Beware the highest-paying dividend stocks!

Many companies pay a dividend fro holding their stock. They do this to attract longer term investors that are more interested in parking cash in the company rather than flipping shares on a daily basis. In layman's terms a dividend is simply a dollar amount (or penny amount) per share that the company pays to share holders at a set date every quarter.There are many great reasons for investors to search for dividend paying stocks. The extra cash is the most obvious but there are other great reasons which we will explore further.

Liquidity is number one! When searching for a high dividend do not just look for the highest yield. This can be a recipe for disaster. Investors will always want to make sure that the stock trades enough volume. For example Ladder Capital Corp. (NYSE: LADR) pays an astronomical dividend (more than 20%) but barley anyone trades The stock. never sacrifice liquidity for yeild. I prefer to search through known, liquid names in the S&P 500 or Nasdaq 100.

So lets take a look at the S&P 500's current list of top dividend paying stocks and weigh the pros and cons of an investment based on dividend. In first place we have HCP, Inc. (NYSE: HCP) with an 8.45% yield. Second is one that everyone likely knows, its AT&T, Inc. (NYSE: T) with a 5.27% yield. Then we have Chevron (NYSE: CVX), 5.15%, Abbvie (NASDAQ: ABBV), 4.32%, and finally Emerson Electric (NYSE: EMR), at 4.15%.

The above company's all pay respectable dividends and one could argue that they are somewhat diversified. So why wouldn't everyone want to invest in these names for the long haul and pocket the high yield? After all, the S&P 500 is down 15% so far this year so wouldn't it be helpful to collect the extra yield? Yes and no...

While it is advantageous to have that extra edge you are taking a bit of a gamble that the company will remain stable. If this happens then every quarter, theoretically your cost basis will be reduced should you choose to reinvest your dividend (and you should choose to do that), but what if the company has a bad earnings announcement or cannot weather the market downturn? Let's use HCP as an example.
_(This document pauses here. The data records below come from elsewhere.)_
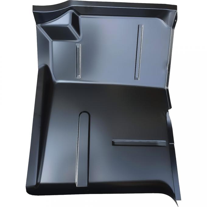 All-new tooling and thicker steel make this floor panel a huge step above others in quality of materials and fitment. The new tooling and thicker steel ensures clean crisp lines without the excessive wrinkling found in the bends of the economy panels that are currently in the market. This is a drop-in style front floor pan repair panel section for 1973-86 Chevrolet and GMC truck models. Manufactured in quality stamped steel to OE specifications replicating the original floor pan design. Will replace the damaged or rusted original floor panel with toe board extension. Measures 35" long x 31' wide. Comes finished with EDP coating for rust and corrosion prevention. Fits RH, passenger side.
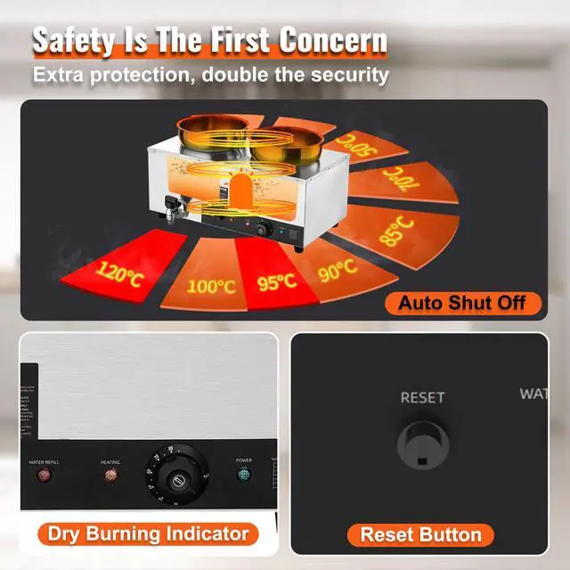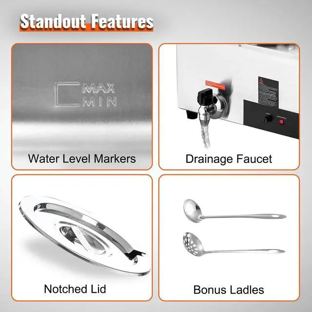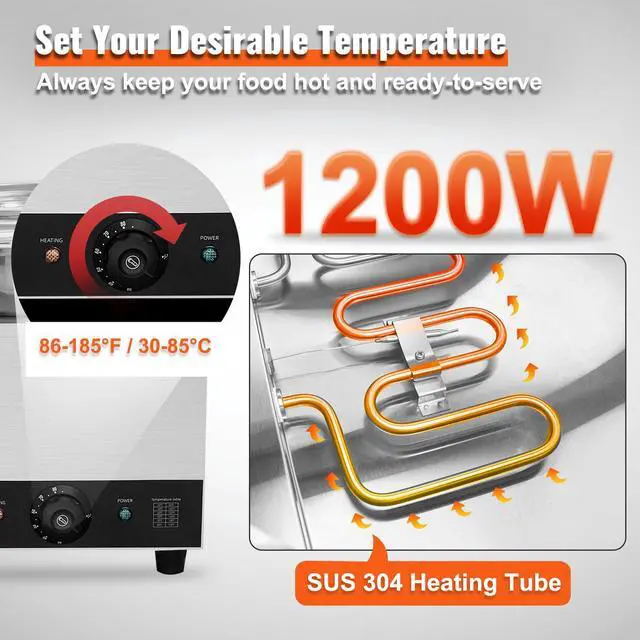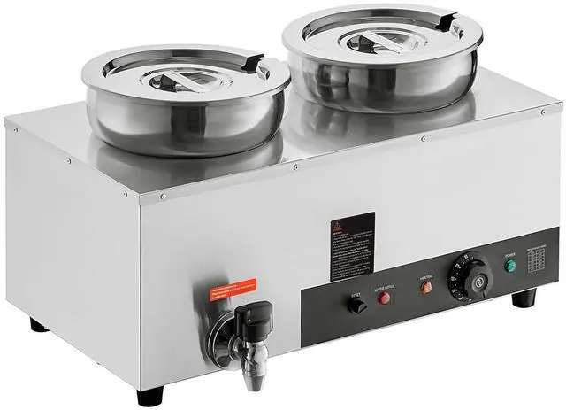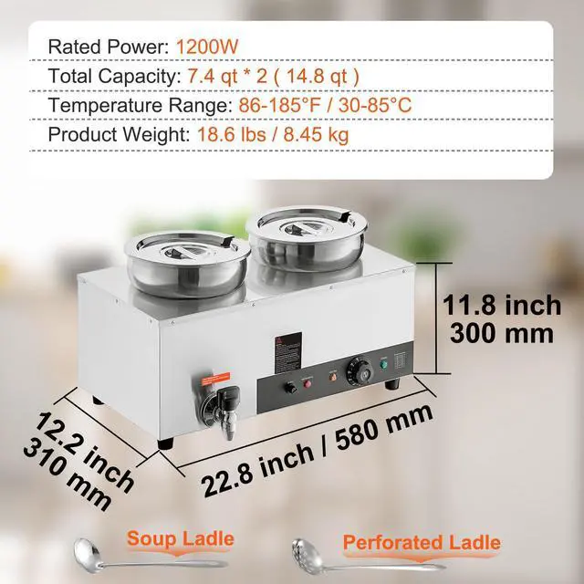 VEVOR Electric Soup Warmer, Dual 7.4QT Stainless Steel Round Pot 86~185F Adjustable Temp, 1200W Commercial Bain Marie with Anti-dry Burn and Reset Button, Soup Station for Restaurant, Buffet, Silver
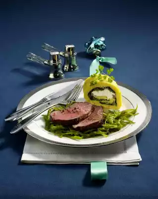 Add the polenta and spread it out into a rectangle (27 x 24 cm). Spread spinach on top. Sprinkle chestnuts over it. Cut the goat cheese into cubes of approx. 1 x 1 cm. Spread the cheese in a line in the middle of the polenta. Roll up very carefully and press into a roll. Wash the fillet, dab dry. Heat 2 tablespoons of oil in a frying pan and fry the meat well all around. Season with salt and pepper. Place on the fat pan of the oven and bake in the preheated oven (electric cooker: 175 °C/ convection oven: 150 °C/ gas: level 2) for approx. 30 minutes. After 15 minutes, place the polenta roll on the fat pan and warm it up. In the meantime, clean and wash the sugar snap peas and cut them into fine strips. Heat 25 butter in a frying pan, add sugar snap peas and steam for 6-8 minutes at low heat.

HCP is paying a healthy 8.45%. If you bought the stock first thing this year and held all year you will at least make the 8.45% but further analysis reveals that HCP has already dropped 30% this year! Now its early, and maybe it makes a comeback but what if it doesn't? You see, companies also offer dividends to attract investors in tough times. You want to be sure that you are investing in a company that has a history of high yields not a company that is desperate for new investors. AT&T is a company that has this long history of nice dividends, and its performance is quite the contrary to HCP. AT&T is up almost 7% for the year. Now assuming that stays like that AND you can hold for the 5% yield you have a nice play on your hands.

So there you have it. The number one "strategy" if you will, for investing in dividend stocks is to look for those companies that have a solid history of paying dividends, not the desperate ones that are struggling.